Сестра Барб оставила свой широкий халат сиделки в передней деревянного домика, который обер-лейтенант Винфрид выбрал для себя из десятков похожих друг на друга — в большинстве случаев без окон и дверей — домиков на восточной окраине города. В несколько дней он преобразил его с помощью рабочих комендатуры в уютнейшее жилище. Деревянный пол комнаты, в которую вошла Барб, был устлан ковром с веселым рисунком — зеленым с розовым — хорошей английской марки. Зеленые в цветочках обои придавали комнате уют; стол, диван, полка для книг, старинное, восьмидесятых годов, кресло орехового дерева с резьбой, обитое желтовато-зеленым плюшем, стояло у окна, как бы приглашая взглянуть на распускавшиеся березы, на расстилавшиеся сразу за домом поля и луга. Только узкая, плохая проезжая дорога, опоясывавшая город, отделяла дом от расцветающей весны. На столе, покрытом скатертью в мережку, стояли два чайных прибора. Денщик Посек в наглухо застегнутой куртке принес чайник, щелкнул каблуками и удалился.

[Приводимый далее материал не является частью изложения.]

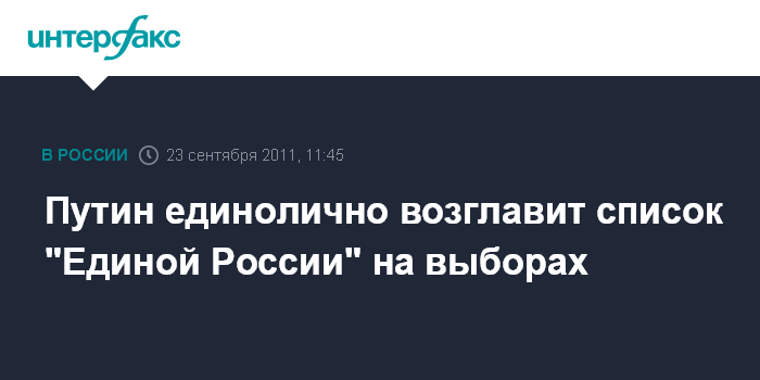 Москва. 23 сентября. INTERFAX.RU - На парламентские выборы, намеченные на 4 декабря, как ожидается, партию "Единая Россия" поведет ее лидер Владимир Путин - он возглавит список кандидатов в депутаты от партии на предстоящих выборах, сообщил "Интерфаксу" в пятницу источник в руководстве "Единой России".

Денщик — это обычно парень лет двадцати пяти — тридцати, который рад-радешенек пристроиться слугой какого-нибудь двадцатидвухлетнего, а то и девятнадцати- или восемнадцатилетнего лейтенанта: чистить ему сапоги, платье и понемногу втереться в доверие настолько, чтобы выполнять интимнейшие поручения своего барина. Ведь в это время рабство было заманчивее и безопаснее для благоразумных людей, чем геройское времяпрепровождение среди грязи, ругани, грохота орудий и смерти.
Сестра Барб в ситцевом — в белую и голубую полоску — неуклюжем платьице с пелеринкой выглянула в окно. «Как бы он не промок под дождем», — подумала она.
В таком облачении ей можно было дать все тридцать лет. До странности крохотной казалась ее хорошенькая черноглазая головка с маленьким ртом и блестящими глазами на массивной фигуре трактирщицы. Слегка вздохнув, она прошла в прилегающую к первой комнате спальню, где в старом зеркале над умывальником отразилась в зеленоватом освещении ее неуклюжая одежда. Она весело улыбнулась своему отражению, напоминавшему штуттгартскую торговку на горшечном рынке возле Шлоссплац, и быстро, словно ласточка, защебетала, разговаривая сама с собой на швабском диалекте.
Вместе с приятельницей, сестрой Софи, она самостоятельно, почти без помощников, обслуживала тифозный пункт, где медленно умирали слишком поздно доставленные сюда тридцать тяжело больных босняков.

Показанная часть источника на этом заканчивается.